At the moment I’m in child’s pose with a stack of oreos and a glass of chocolate milk. 37 weeks and 2 days pregnant. Currently having achy, period-like cramps that don’t feel like Braxton Hicks and wondering if this will progress into labor or fizzle out. I lost my mucus plug about a week ago.
The end of pregnancy is so full of unknowns, with the same symptom potentially meaning either that labor is starting or that sensation actually means not much at all (other than body warming up for birth in some way but birth is still days or weeks off). And for any RDs (you may get a kick out of this) I just realized my RD license expires soon so while here in child’s pose having cramps I’m simultaneously taking my Jurisprudence Exam while Jojo naps so I can update it before this baby comes out lol.
Here are 3 things I’ve been thinking about at the end of this pregnancy:
Don’t forget to have fun.
There’s so much fear and jokes around birth and the pain of it. I was listening to a birth story recently and the women said something she wrote down to remember for her birth was, “don’t forget to have fun.” Which may seem silly to some, but I found it encouraging. Giving birth is such a cool thing the body does and I know it’s gonna start and be over in the blink of an eye. One thing I liked about Jo’s birth was it was like a train heading somewhere, as in, once it started, you couldn’t get off until you got there, but in a nice, this-will-be-over-soon-just-hang-on way! A lot of women seem to experience birth sensations differently (miserably painful to debilitating, yet tolerable to whatever your experience was), and while I agree it’s intense, I think it’s also something worth being excited about and looking forward to and I think a part of me started getting more nervous than excited so I’m glad I heard the little phrase of “don’t forget to have fun”.

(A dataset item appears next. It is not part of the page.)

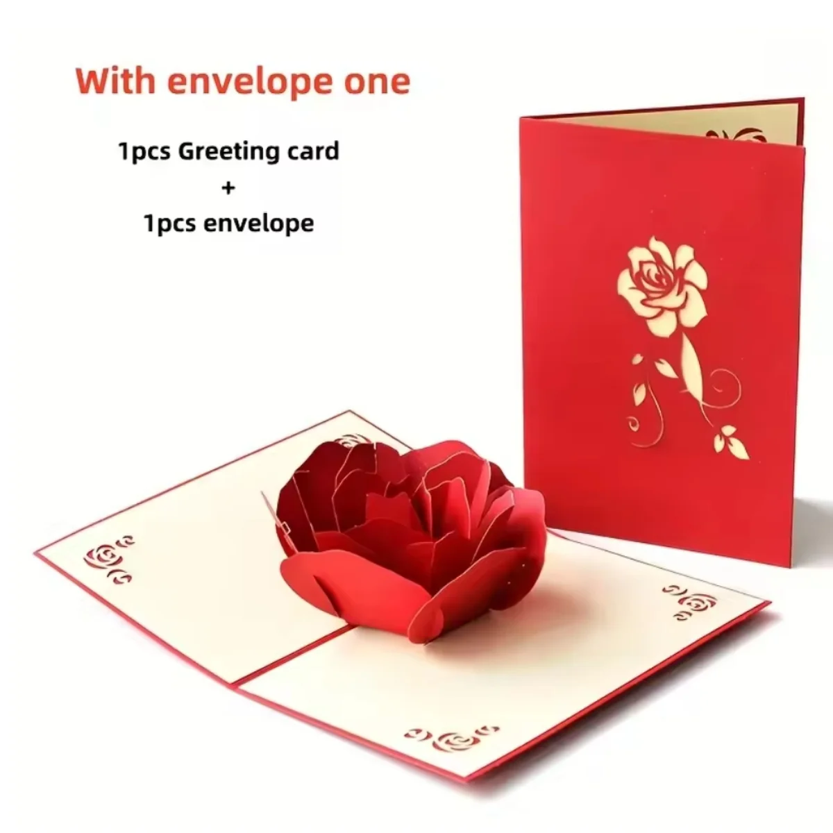 3D Rose Pop Up Card, Valentines day card, Mothers day Birthday card, anniversaries Weddings Flower Greeting Card With Envelope

Birth continues to hold the number one spot of the most mind-blowingly surreal experience of my life. And the anticipation of waiting to meet baby…I don’t know if anything is better.
The only sensation I remember really hating in Jo’s labor was the feeling of “I’m about to pass out.” With my first birth the only option was to birth on my back (it was a requirement at the practice I birthed with), but with my new birth providers (midwives in a hospital setting), I can be in whatever position I’d like to be in. I bring this up because anytime I’m in a laying back position these days (even if elevated to a 45º angle and I’m NOT in labor) I quickly get lightheaded and feel like I’m going to pass out, but maybe I’m-about-to-pass-out is just a normal labor sensation and is unavoidable…or maybe it was caused by having to be in a certain position. I’m about to find out! I’ll report back from Labor Land.

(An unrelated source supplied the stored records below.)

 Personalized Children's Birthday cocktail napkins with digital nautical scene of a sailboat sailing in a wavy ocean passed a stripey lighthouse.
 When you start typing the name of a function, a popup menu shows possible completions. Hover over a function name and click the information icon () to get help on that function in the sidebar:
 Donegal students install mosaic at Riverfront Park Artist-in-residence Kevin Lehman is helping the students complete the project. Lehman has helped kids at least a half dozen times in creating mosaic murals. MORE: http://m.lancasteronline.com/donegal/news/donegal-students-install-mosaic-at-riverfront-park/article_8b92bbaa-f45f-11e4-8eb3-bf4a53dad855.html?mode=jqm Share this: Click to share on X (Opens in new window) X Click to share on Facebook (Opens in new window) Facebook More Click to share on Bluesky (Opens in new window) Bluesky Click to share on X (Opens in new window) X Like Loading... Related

Birth Plan vs. Postpartum Plan
We didn’t make a birth plan, other than 1) knowing who Jojo will stay with and 2) what I’ve been saying to my providers which is, “if I’m feeling up for it, it’d be cool if I got to pull her out”, but we did make a postpartum plan spurred on by a very emotional marriage argument recently and some things I now realize really would’ve helped me during Jo’s postpartum if I could’ve calmed down enough to let myself take a break and leave baby. The postpartum plan includes:
- bimonthly date nights
- me already joining a bible study at night so one night a week I can get out
- occasional cleaning service
- Jo will continue going to preschool a couple days a week so that schedule will give me some routine (which I really missed w Jo’s postpartum when we were home day after day after day and everyday seemed the exact same)
- medication as needed
- having an encouraging book and a fiction book ready to read (likely in short spurts) in the wee hours of the morning or times I’m nursing when I’m alone with baby.

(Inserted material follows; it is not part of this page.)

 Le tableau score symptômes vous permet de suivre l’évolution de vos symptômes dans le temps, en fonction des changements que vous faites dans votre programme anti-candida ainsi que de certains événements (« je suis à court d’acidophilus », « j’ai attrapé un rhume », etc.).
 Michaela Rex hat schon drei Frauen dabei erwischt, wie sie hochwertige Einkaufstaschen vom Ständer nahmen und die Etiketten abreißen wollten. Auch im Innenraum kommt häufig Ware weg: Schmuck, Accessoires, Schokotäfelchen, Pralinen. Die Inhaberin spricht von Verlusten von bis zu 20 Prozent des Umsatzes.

Knowing my weight this pregnancy.
For those in ED recovery I recommend not knowing your weight and focusing on listening to hunger cues and fullness cues + honoring cravings…be it for food, movement, or rest. It’s an important reminder that all bodies gain weight differently in pregnancy. When my pregnancy app around weeks 35-37 weeks started saying, “most women see weight gain come to a slow or stop at this point”, I had to laugh because that’s when I found my weight increased the most it had throughout the entire pregnancy. All bodies gain differently. It was interesting seeing how my body gains weight in pregnancy, but knowing my weight is not something that I use to determine how I take care of myself or something that helps me take care of myself, so I won’t be continuing weighing myself past the end of pregnancy.
Who knows, maybe I’ll have our new baby in my arms by tomorrow morning. Oh the end of pregnancy…who knows when anything will actually go down (literally). Such a waiting game.